### Problem to work on
No line before the one holding "Fred Widney - Cactus Apples" is wanted; restate word for word that line and all lines after it to the end of the entries, excluding pictures.
Top of Data under study
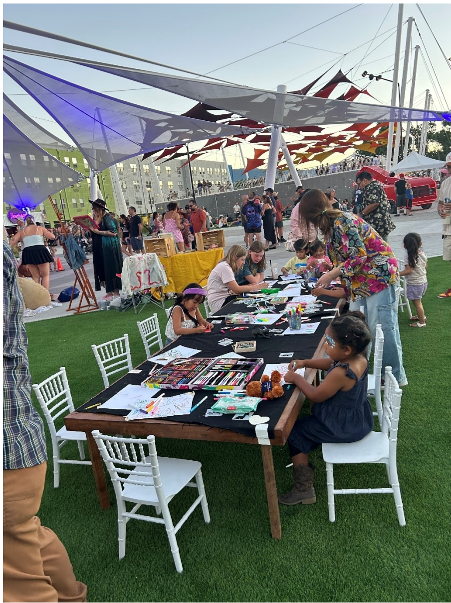
Reno Night Market
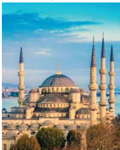
2008 The TFP is extended to include Turkey.
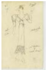
Black Wool Dress with Lace Border (KA0039_V9p38-002)
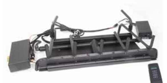
Assembled burner natural gas with battery electronic and remote system. 2BRN-##-**-MVKEI-GCRK
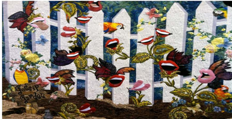
The Gossip Garden

I attended a quilt fair a few years ago and saw the quilt shown below. I asked if I could take a picture as not all quilters want their work photographed.
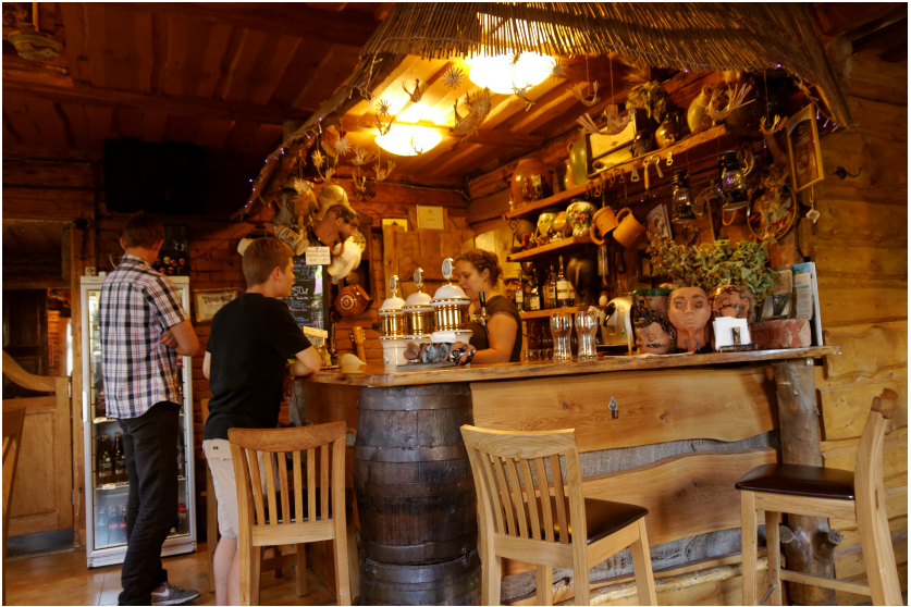
Figure 7.10: The bar at Prie Uosio
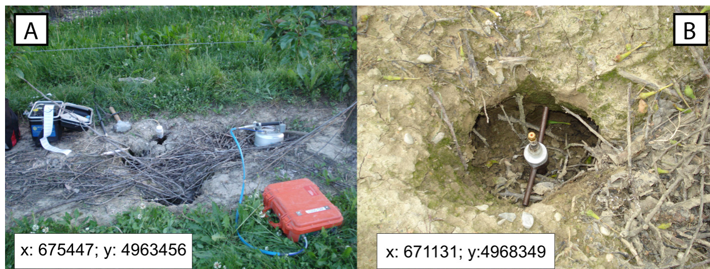
Figure 3. A, B. Soil-gas and flux measurements in collapsed caves. B. Detail of the steel probe driven into the collapsed caves to collect soil-gas samples. Geographic coordinates UTM WGS 84 32N.

not correlated with other pathfinder elements (e.g., 222 Rn and He) [Lombardi and Voltattorni 2010]. This might suggest a local anomaly, which would be likely to be due to surficial layer compression during the earthquake.
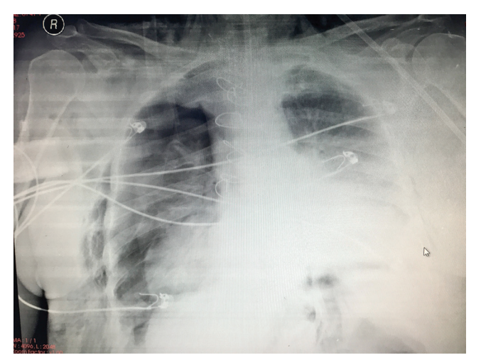
Figure 1. Chest x-ray showing right-sided tension pneumothorax and free air under diaphragm.

Massive pneumoperitoneum led to elevated peak airway pressure and ineffective mechanical ventilation with progressive hypoxemia. Air evacuation from the peritoneum was performed using a 7 French percutaneous venous central line and
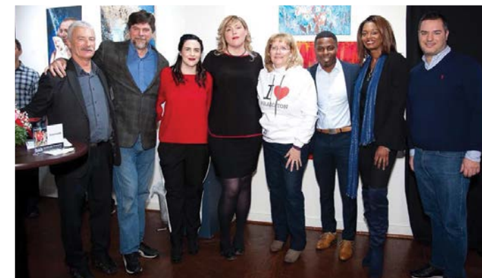
Beaux Arts Brampton's Cupid Strikes Fundraiser (February 2018)
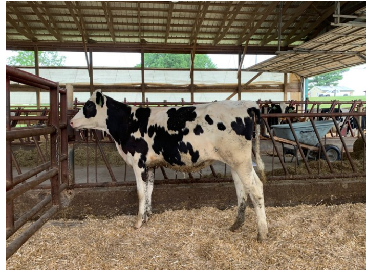
Lot 10G PINE-TREE 8361 EXPE 9345-ET
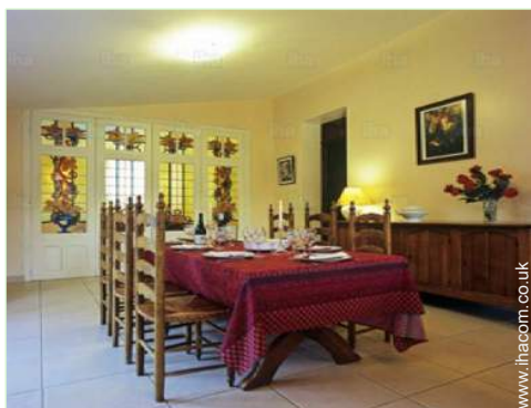
view from the dining-room
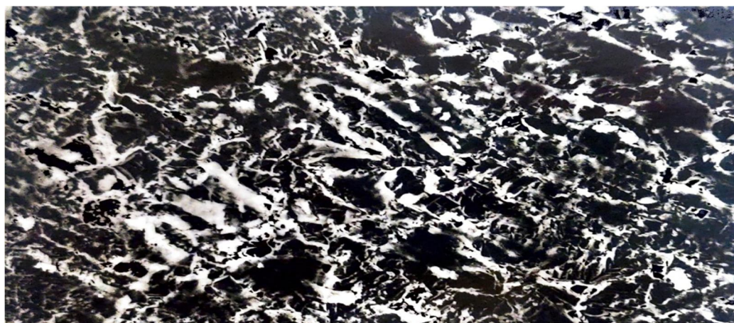
Fig. 1(a) SEM Micrograph of 304 Stainless Steel surface exposed to 1.0 M Sulphuric Acid solution for 12 hours. (X800)

Fig. 1(a) shows the Scanning Electron Microscope (SEM) of 304 stainless steel surface exposed to 1.0 M sulphuric acid solution for 12 hours and Fig. 1(b) in presence of 200 ppm of inhibitor. Fig. 1(a) clearly indicated that 304 stainless steel surface is severely corroded in the absence of the inhibitor. It is obvious from the Fig. 1(b) that the surface of 304 stainless steel in the presence of inhibitor is in much better condition than in absence of inhibitor. This indicates that Henna leaves extract is adsorbed on 304 stainless steel surface and the adsorbed film of the inhibitor provides corrosion resistance to 304 stainless steel in 1.0 M sulphuric acid solution.
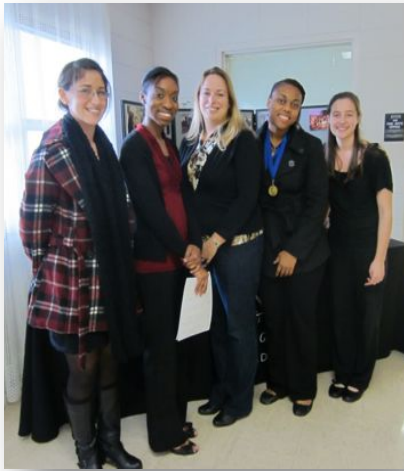
Woodwind Concerto with Judge
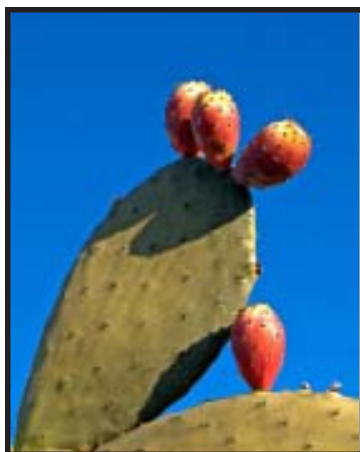
Fred Widney - Cactus Apples
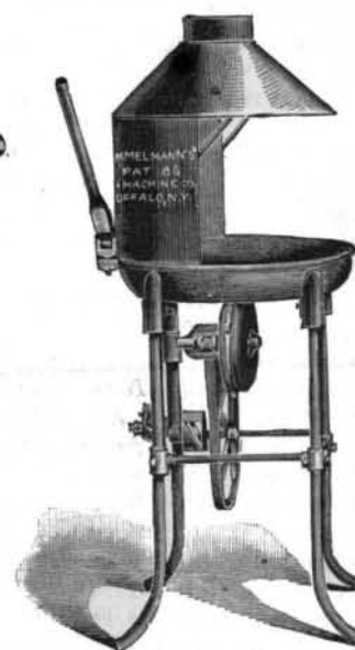
Fig. 2.—THE STAR BLACKSMITH'S FORGE.

that, owing to the direct method of applying the power, and the minimum amount of friction, almost all of the force applied to the lever is transmitted to the blower. The clutch has very few pieces, and is so designed that there is practically no wear. Another advantage is obtained by the employment of steel shafting and by babbitting the journals.
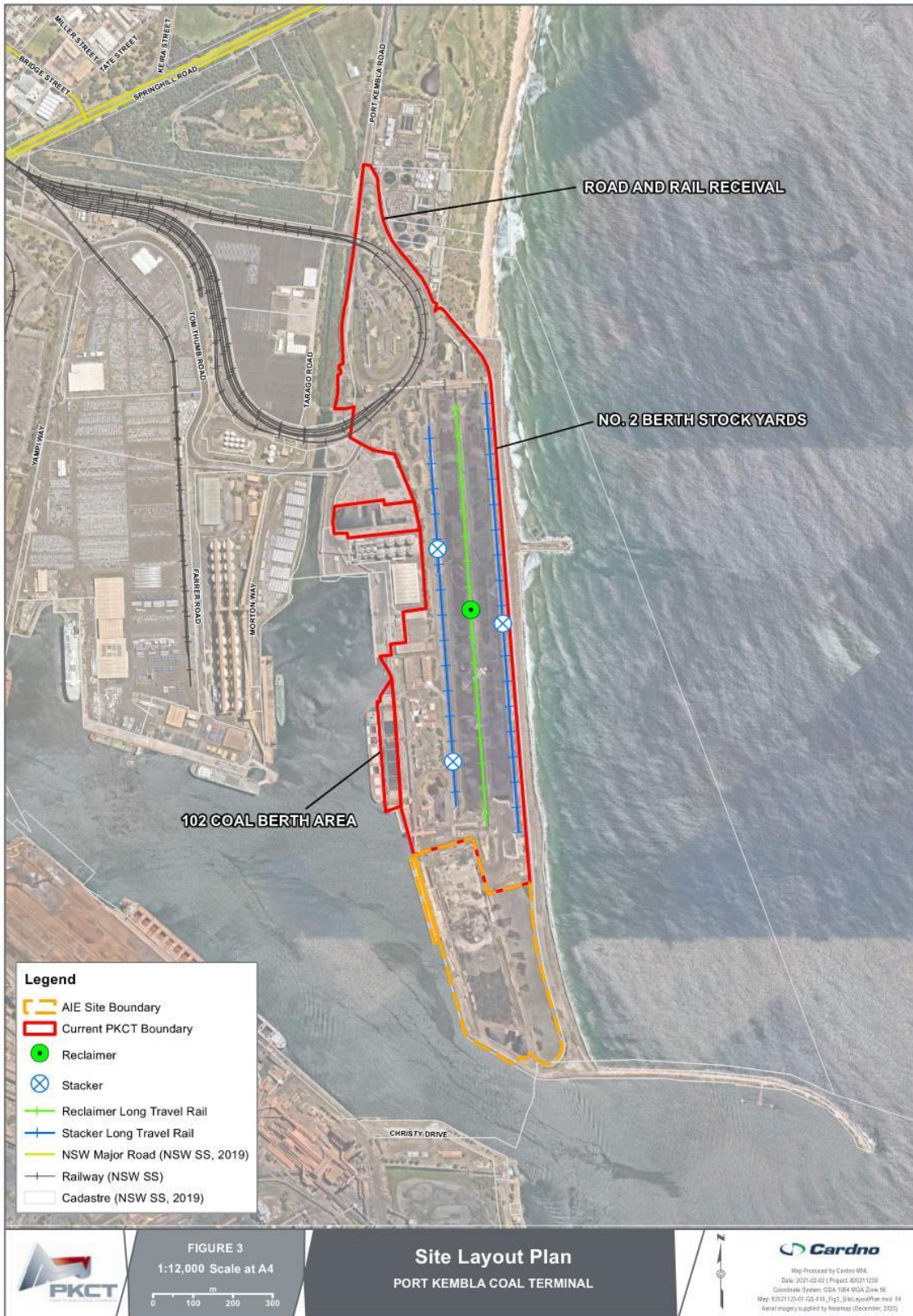
Figure 3: PKCT Site Layout
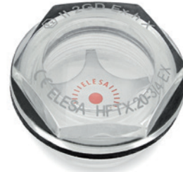
ELESa Original design

Brass nut GH. (see page 1574) for fitting to reservoirs with wall thickness smaller than 5 mm.
Bottom of Data under study
### Written solution
Fred Widney - Cactus Apples
Fig. 2.—THE STAR BLACKSMITH'S FORGE.

that, owing to the direct method of applying the power, and the minimum amount of friction, almost all of the force applied to the lever is transmitted to the blower. The clutch has very few pieces, and is so designed that there is practically no wear. Another advantage is obtained by the employment of steel shafting and by babbitting the journals.
Figure 3: PKCT Site Layout
ELESa Original design

Brass nut GH. (see page 1574) for fitting to reservoirs with wall thickness smaller than 5 mm.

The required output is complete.